Einmal mehr realisieren wir an einer Fahrt: Obwohl der heutige Brauch auf alte Zeiten zurückgeht, gibt es aktuelle Bezüge. Zum Schluss eine Erinnerung, die ich weiterspinne. Es war zehn Jahre nach der Gründung unseres modernen Bundesstaates, als der Linthaler Pfarrer Bernhard Becker in seiner Fahrtspredigt das soziale Elend der Arbeiter in den Glarner Textilfabriken anprangerte. Seine Predigt war damals Anstoss für die damals schweizweit erste Fabrikgesetzgebung.
Hochverehrte Frau Landammann! Geschätzte Damen und Herren Landräte! Es braucht heute neue Schutzmassnahmen als Antwort auf die vielfältigen Herausforderungen in der Spätmoderne. Als Geistlicher, der sich mit der Seele und ihren verschiedenen Stimmungen beschäftigt, finde ich es richtig und wichtig, alle Arbeitnehmer bekämen vom Gesetz her nach einer bestimmten Zeit der Treue gegenüber ihrem Arbeitgeber einen bezahlten Rückzug.
Liebe Männer und Frauen! Auf dem Sterbebett möchte ich einmal nicht bereuen müssen, vor lauter Karriere mein Lebensziel verpasst zu haben. Deshalb träume ich von einem längeren Rückzug nicht nur für mich, sondern für alle Menschen. Wie die Mutterschaftsentschädigung und der neu geschaffene Vaterschaftsurlaub könnte dieses Time-Out über die Erwerbsersatzordnung finanziert werden. Meine Kirche ist in dieser Hinsicht unserer Zeit voraus, denn für ihre Angestellten gilt: «Eine persönliche oder dienstliche Standortbestimmung stellt Weiterbildung dar, ebenso die spirituelle, nicht zielgerichtete persönliche Regeneration.»
Was für eine Wohltat: Wir müssen und können nicht immer irgendetwas machen und produzieren. Deshalb brauchen nicht nur Angestellte von Kirchen, sondern unsere Gesellschaft braucht den Rückzug auf einen Rastplatz, die Berufsleute in den Familien genauso wie die Berufsleute in Dienstleistungsbetrieben, Industrie, Verwaltung, der ganzen Schweiz.
Spinnen wir die skizzierte Geschichte weiter. Es soll eine helle, eine ganzheitliche Geschichte werden. Kümmern wir uns mit Entschiedenheit und klaren Konzepten um die seelische Wohlfahrt von allen. Träumen wir nicht nur vom russischen Rückzug, sondern arbeiten wir am eigenen Rückzug. Das kann ein guter Traum sein, für erfolgreiche Menschen und für nicht so erfolgreiche.
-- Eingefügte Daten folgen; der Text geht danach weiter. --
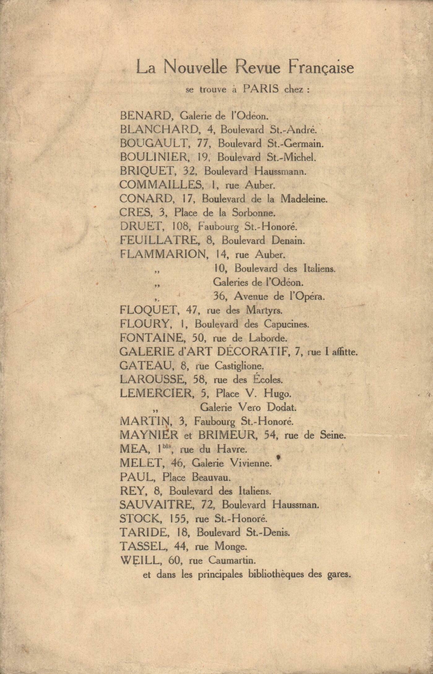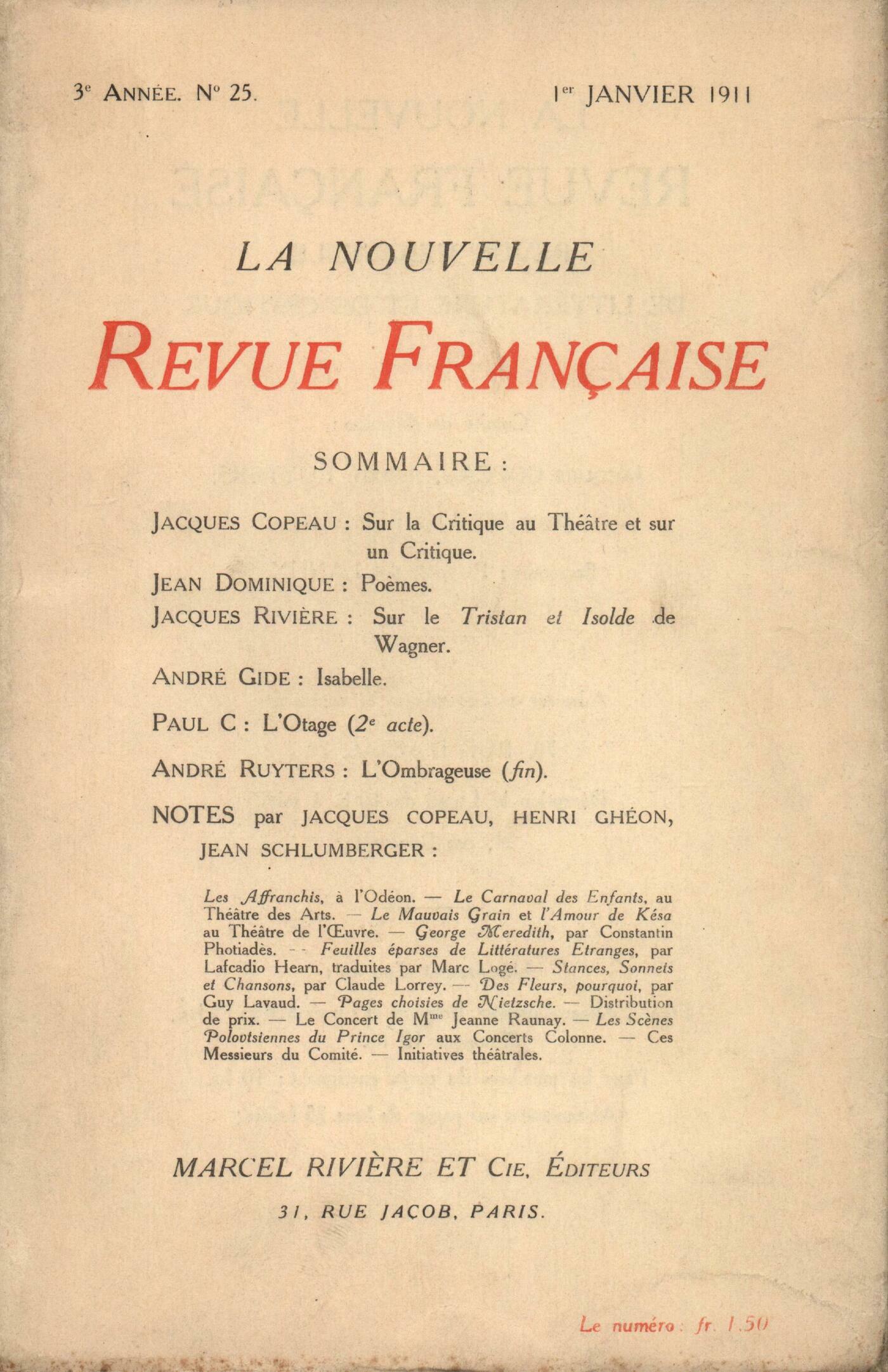 Jacques Copeau, Sur la Critique au Théâtre et sur un CritiqueJean Dominique, PočmesJacques Rivičre, Sur le Tristan et Isolde de Wagner, Isabelle, L'Otage (2e acte)André Ruyters, L'Ombrageuse (fin)Notes : Henri Ghéon, Les Affranchis, par Marie Lenéru (la premičre matinée d'avant-garde au Théâtre de l'Odéon)Jacques Copeau, Le Carnaval des EnfantsHenri Ghéon, Le Mauvais Grain et L'Amour de Késa au Théâtre de l'uvreJean Schlumberger, George Meredith, par Constantin Photiadčs (Armand Colin) - Feuilles éparses de littératures étranges, par Lafcadio Hearn (Mercure de France) - Stances, sonnets et chansons, par Claude Lorrey (Grasset)Henri Ghéon, Des fleurs, pourquoi, par Guy Lavaud (Cornély)Jean Schlumberger, Pages choisies de Nietzsche (Mercure de France)Henri Ghéon, Distribution de prix - Le concert de Mme Jeanne RaunayJacques Rivičre, Les Scčnes Polovtsiennes du Prince Igor, aux Concerts ColonneJacques Copeau, Ces messieurs du Comité Anonymes, Initiatives théâtrales

Grosse Schäden wegen Burnouts in der Schweiz
Die Autoren der Studie «Job-Stress-Index 2018» von Gesundheitsförderung Schweiz schätzen den durch Stress entstanden Schaden aus Produktivitätsverlust für die Schweizer Betriebe auf 6.5 Milliarden Franken. An Finanzen sind das 1% der Wirtschaftsleistung pro Jahr. Im Vergleich: Die Beschaffung von 36 neuen Kampfflugzeugen F-35A kostet einmalig 6 Milliarden Franken. Rechnet man die anfallenden IV-Leistungen dazu, steigt der Schaden auf jährlich 10 Milliarden Franken.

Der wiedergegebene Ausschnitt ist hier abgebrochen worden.